Al día siguiente que se volvieron los chicos a Buenos Aires, me fui a Roma.
Saqué pasajes en una de las aerolíneas low cost, por muy pocos euros tenía el ida y vuelta a Roma. Mi única preocupación era que mi valijita entrara dentro del cajón de prueba del equipaje permitido, al lado del cual hay un cartel clarísimo: “Si no entra: lo pagás o no sube“.
Llegué cerca del mediodía, y me llevó un rato ubicarme y entender cuál era el recorrido que tenía que hacer para llegar a Lido di Ostia, una ciudad, casi un pueblo de playa, a 30 minutos en tren desde Roma, al que se llega haciendo combinación en una de las estaciones del metro. Compré un Roma Pass, que permite viajar en metro, tren o colectivo cuantas veces se necesite por tres días, y da el acceso libre a los dos primeros museos que uno quiera visitar. Por 25 euros, me pareció buena idea, más estando lejos de la ciudad con viaje obligatorio.
Con alguienmuyespecial habíamos hablado mucho, pero no habíamos logrado que concordaran los tiempos para un encuentro, y seguía sin saber si en Roma nos íbamos a poder ver, él vive y trabaja en el norte de Italia.

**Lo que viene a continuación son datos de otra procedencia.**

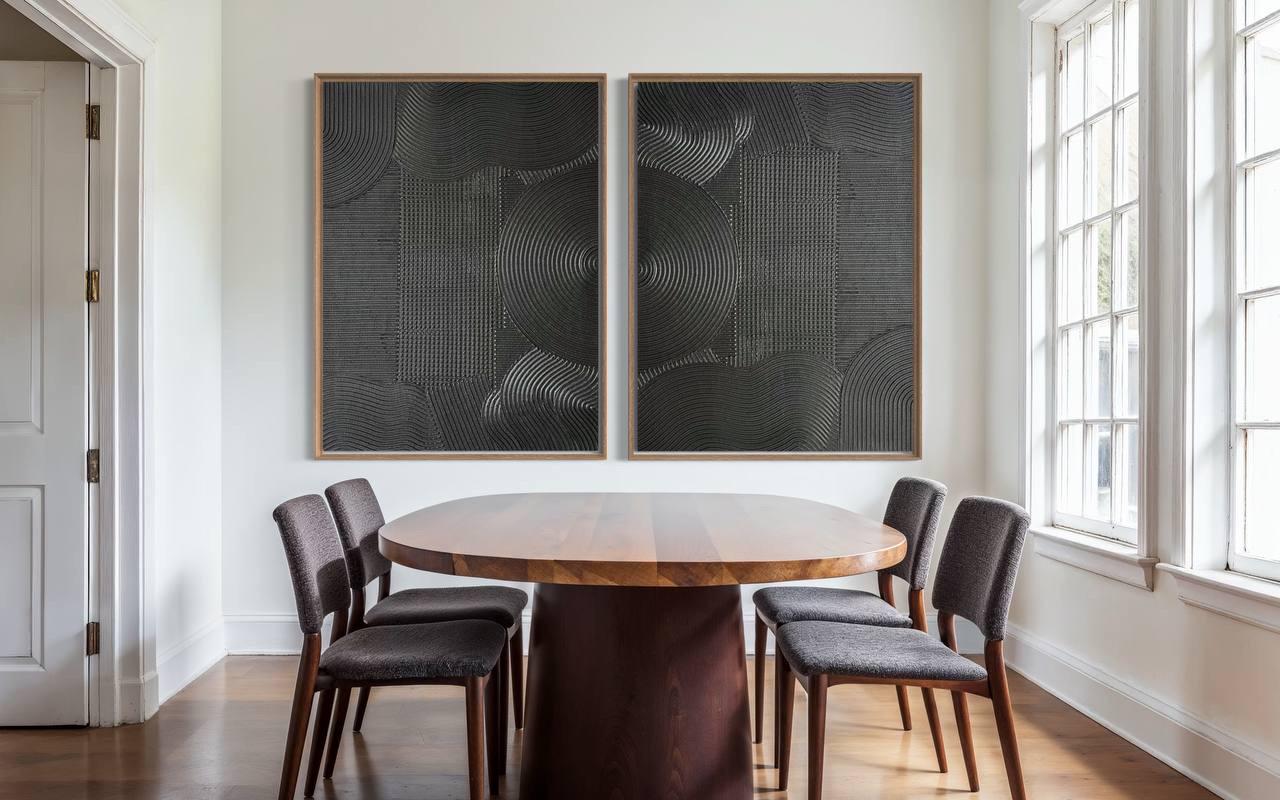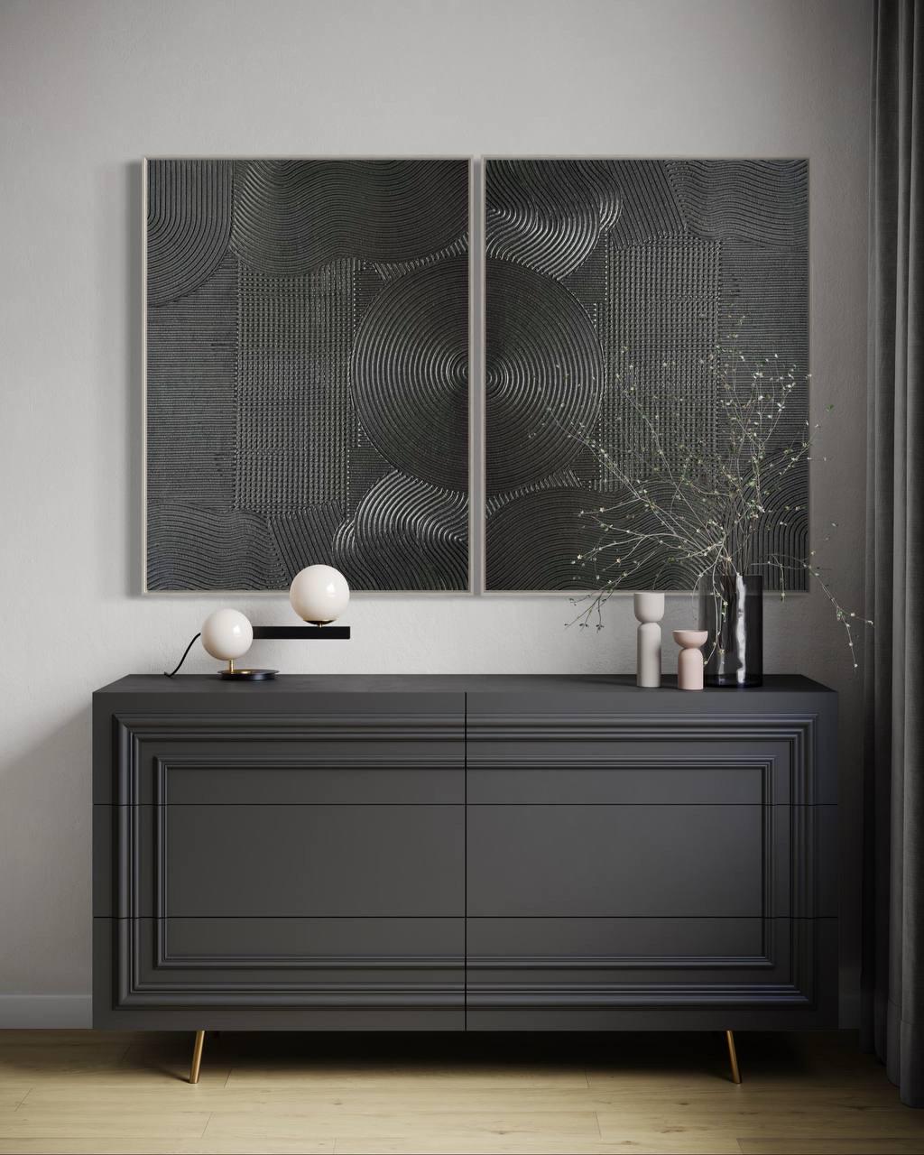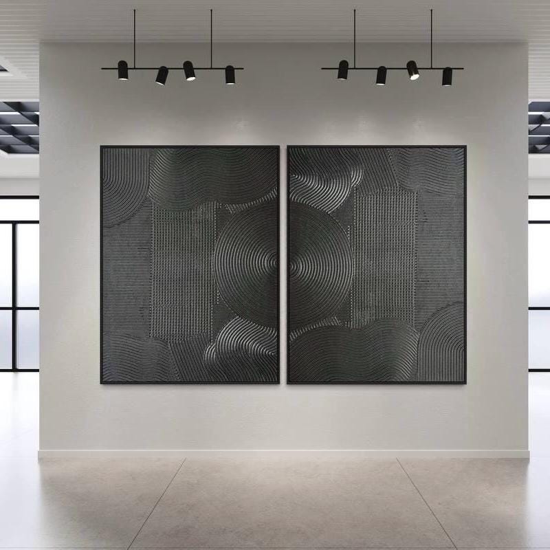 This textured black metallic wall art set of 2 is ideal for customers searching for luxury abstract decor, modern textured paintings, geometric wall art, large black pearl canvas art, neutral contemporary wall decor, and handmade 3D artwork. The metallic finish and sculptural texture make this diptych perfect for upscale interiors, modern living rooms, designer bedrooms, minimalist hallways, boutique-style offices, and stylish entryways. Whether you're decorating a new home, renovating your space, or looking for modern wall art that creates a bold statement, this black metallic textured abstract set is a timeless and versatile choice.

Me ubiqué en el plano y me fui para la playa. Preguntando se llega a todas partes, así que pasado el mediodía estaba instalada en el hotel, y antes de volver a la ciudad para arrancar mi aventura romana, me fui un rato a la playa. El agua, helada!!!
De vuelta en Roma, empecé por la plaza España , y de ahí a caminar por todos lados, pasando por lugares muy conocidos, como la Fontana di Trevi… impresionante!!! y descubriendo callecitas, monumentos, restos de ruinas romanas, columnas, paredes y hasta edificios enteros, como el Panteón, que van apareciendo por todos lados en medio de la ciudad mientras uno va caminando… todo espectacular.
En mi camino, me crucé con una manifestación de la sinestra ecológica,
más adelante con un acto político frente al panteón, muy simpático, con toda la onda y muy buena música, y siguiendo… con muchísimas heladerías de las que es difícil zafar … Imperdibles los helados de Roma, sólo les falta el de dulce de leche!!!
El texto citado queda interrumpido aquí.